The anxiety blossomed about a week after she came home, She was shivering in the doorway of the living room and I picked her up to comfort her and saw this lump protruding from her lower belly. I pressed on it and it moved around under her skin. Mom thought it could be a hernia, or just constipation pushing forward. Butterfly was coughing and shaking and I was worried, because the vet had warned us that coughing could be a sign of congestive heart failure. We called the clinic attached to the shelter she came from, but couldn’t get an appointment for another two days. The clinic had her records and was inexpensive and had just seen her a week before, but I was starting to panic. I was afraid we’d have to rush Butterfly to a doggy emergency room first thing in the morning.

I brought Butterfly upstairs and put her on my bed. She fell asleep and then, finally, I did too, but I woke up when she vomited, and then stayed up with her as she vomited three more times. I was getting ready to look up numbers in the phone book, wishing for a doggy ambulance because I was too freaked out to drive, when she started to walk around. Then she ate her breakfast as if everything was fine. I kept checking her protrusion as the day went on, and gradually, it disappeared. Coincidentally, she pooped five times that day. Really big pooping.
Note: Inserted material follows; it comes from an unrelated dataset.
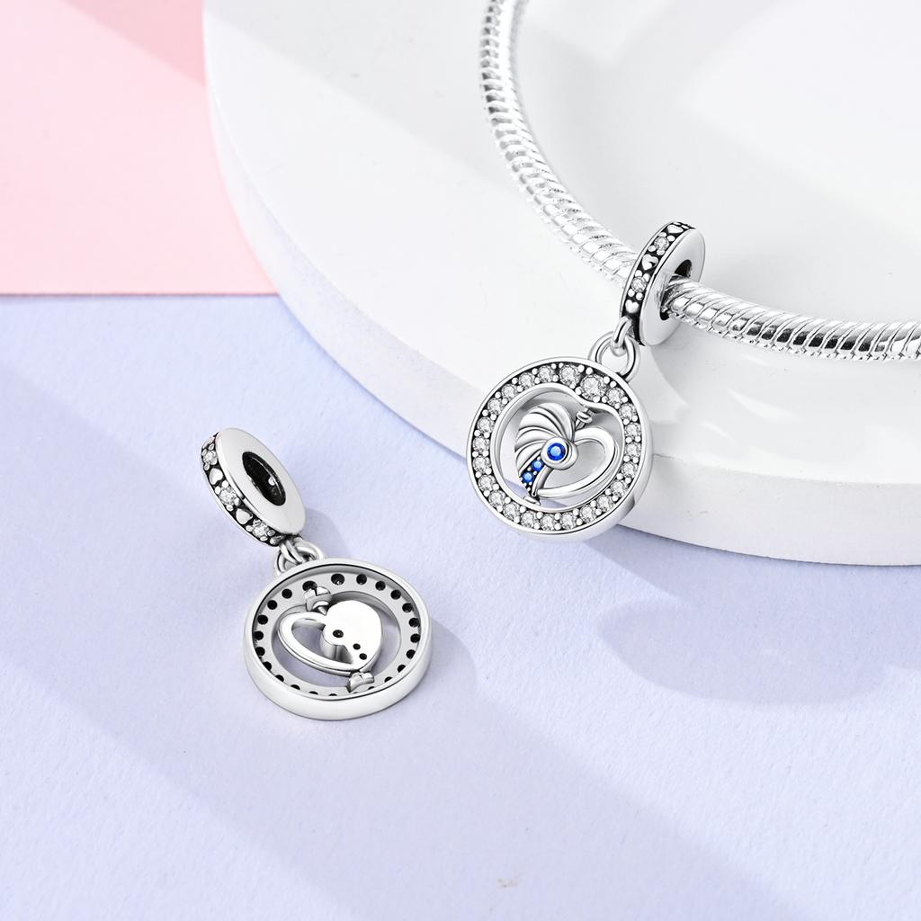 Blue Ocean Heart-Shaped Charms Copper Original Beads Fit Originalcharms Bracelet Beads Jewelry Gifts For Women
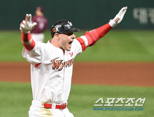 SK 와이번스 제이미 로맥이 3차전 선제 스리런포를 날렸다.

We cancelled the vet appointment, because I didn’t want to stress her out with more doctor visits than necessary. But, also, I was afraid they would dismiss me as a hysterical dog mommy imagining problems that weren’t really there, now that the evidence was gone.


My Happy Girl

My Happy Girl

And for a month, Butterfly was fine. Then, one night, I noticed she was licking her lips obsessively and having trouble sitting and lying down. She was having muscle spasms around her waist that were rippling down her back. I worried next to her overnight, feeling incompetent and in over my head. But the protrusion and the spasms disappeared by the morning and haven’t reappeared since.

In fact, after all of the awfulness, wherein I felt suicidal for clearly failing my dog, Butterfly was back to smiling and being happy and ready to play. If all of that vomiting and coughing and spasming had happened to me, I would still be moping and cursing God months later, but Butterfly just shook it off and went back to being a dog.

I worry that I should have taken her to the vet anyway, even though there was nothing left to see. I worry that she needs a special doggy nurse, and a doggy psychiatrist too. I keep worrying that I’ve taken on a situation that is too big for me, and the after effects of her life in a puppy mill will pose too much of a challenge, and I will fail her. But then she makes me think it over again.

The other night we had a lot of wind and rain, and my bedroom, the attic, is like a wind tunnel, so the sound was exaggerated, and Butterfly was frightened. She woke me up at three o’clock in the morning trying to stuff her head into my armpit. I used to do that with my Mommy when I was little too. She crawled over me and around me and curled against me, but she couldn’t find any position that worked for more than ten seconds at a time.

Finally, by five a.m., she sat down by my chest and stayed there for the rest of the night. She seems to think I’m trustworthy, and I’d like to believe her judgment is sound.


Butterfly and her crazy hair

Butterfly really likes her scratchies.